Any picture in the data below gets skipped; print all the rest exactly.

## Provided data
* * *
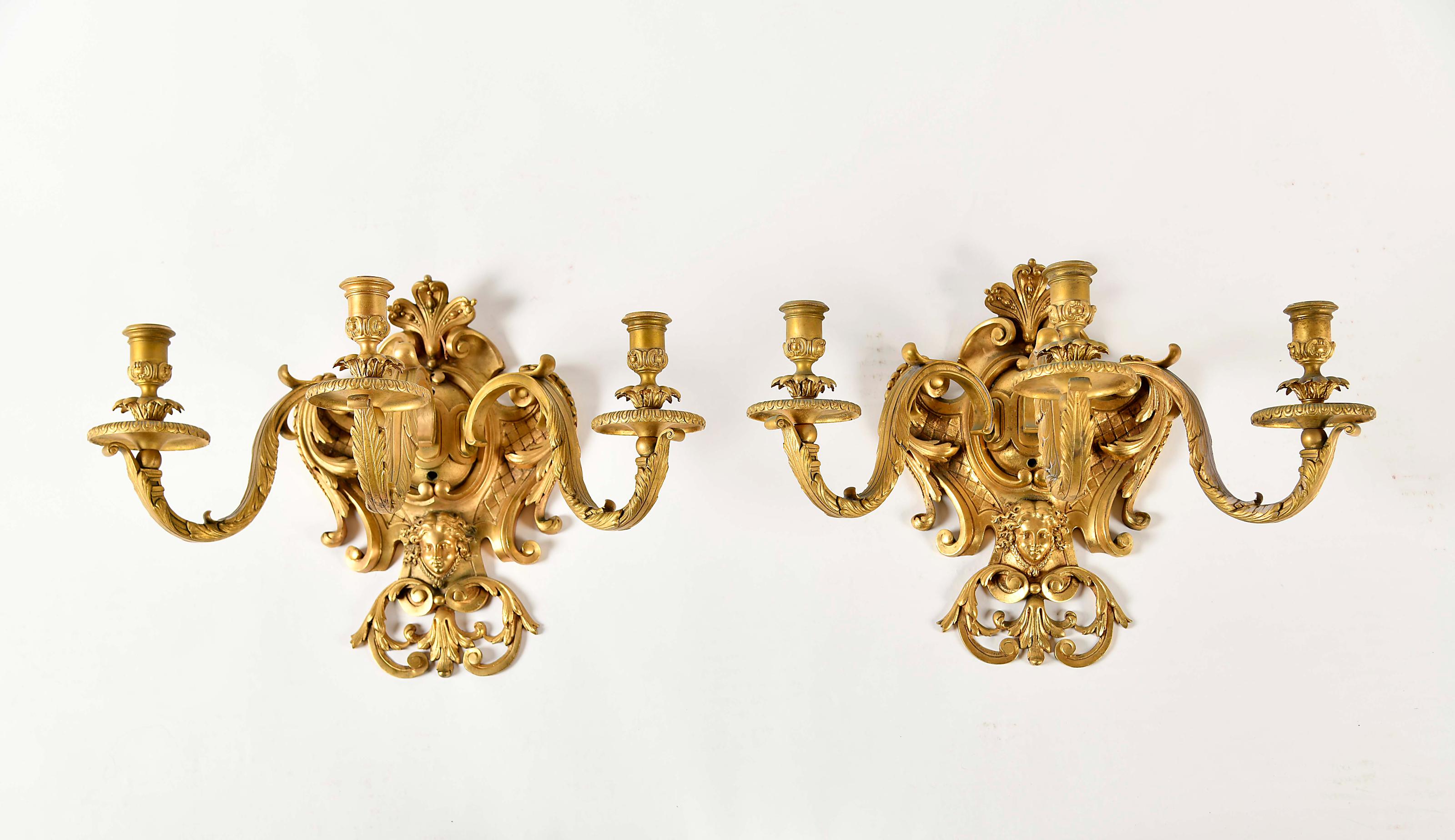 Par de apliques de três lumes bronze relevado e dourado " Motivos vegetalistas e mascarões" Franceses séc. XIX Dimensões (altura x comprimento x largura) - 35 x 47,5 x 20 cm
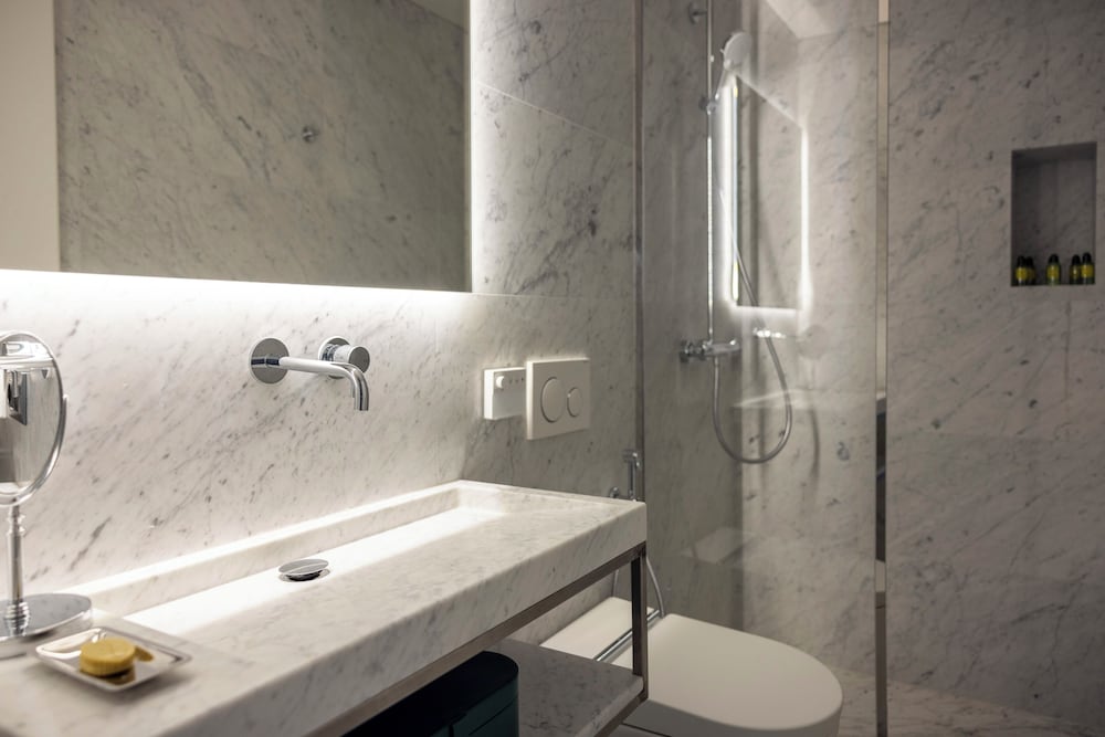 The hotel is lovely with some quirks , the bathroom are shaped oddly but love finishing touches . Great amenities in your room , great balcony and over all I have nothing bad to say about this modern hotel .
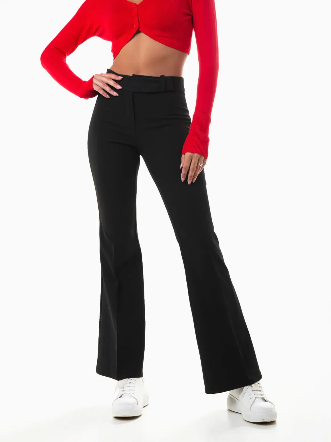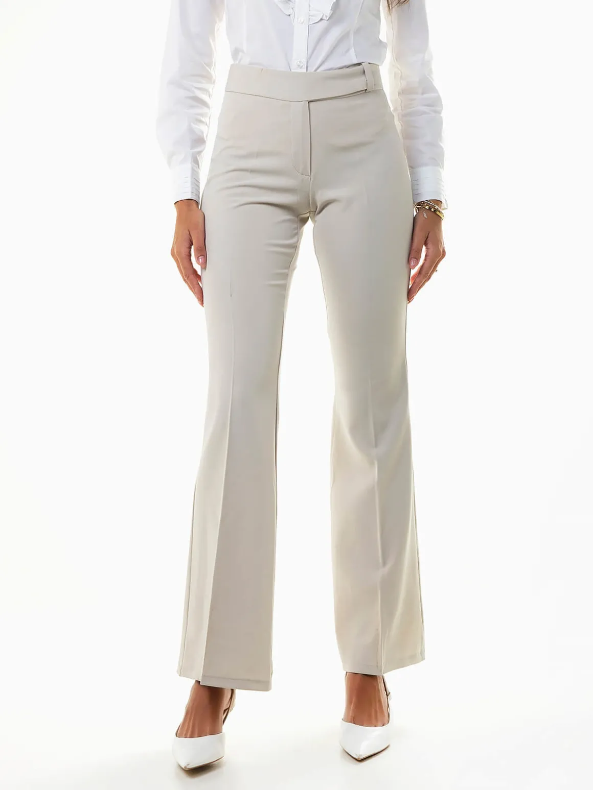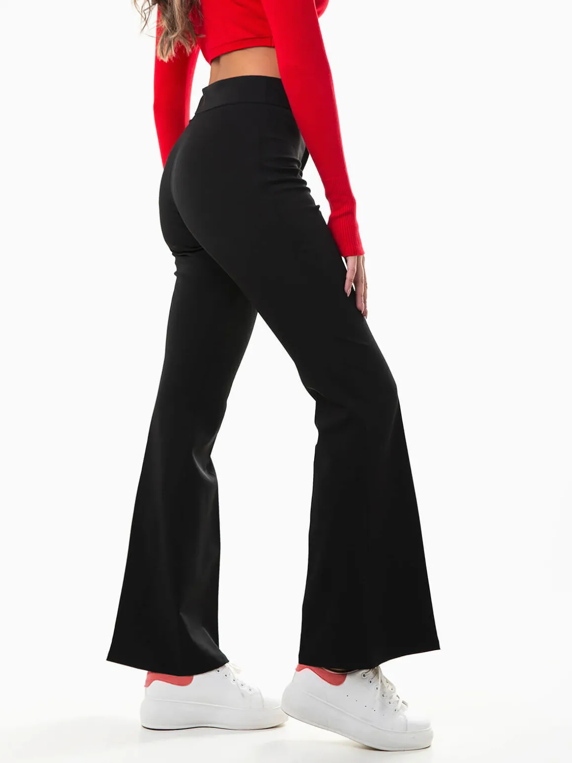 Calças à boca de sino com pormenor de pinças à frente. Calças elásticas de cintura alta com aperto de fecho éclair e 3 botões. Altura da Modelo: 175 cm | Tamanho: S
* * *
## Completed exercise
 Par de apliques de três lumes bronze relevado e dourado " Motivos vegetalistas e mascarões" Franceses séc. XIX Dimensões (altura x comprimento x largura) - 35 x 47,5 x 20 cm
 The hotel is lovely with some quirks , the bathroom are shaped oddly but love finishing touches . Great amenities in your room , great balcony and over all I have nothing bad to say about this modern hotel .
 Calças à boca de sino com pormenor de pinças à frente. Calças elásticas de cintura alta com aperto de fecho éclair e 3 botões. Altura da Modelo: 175 cm | Tamanho: S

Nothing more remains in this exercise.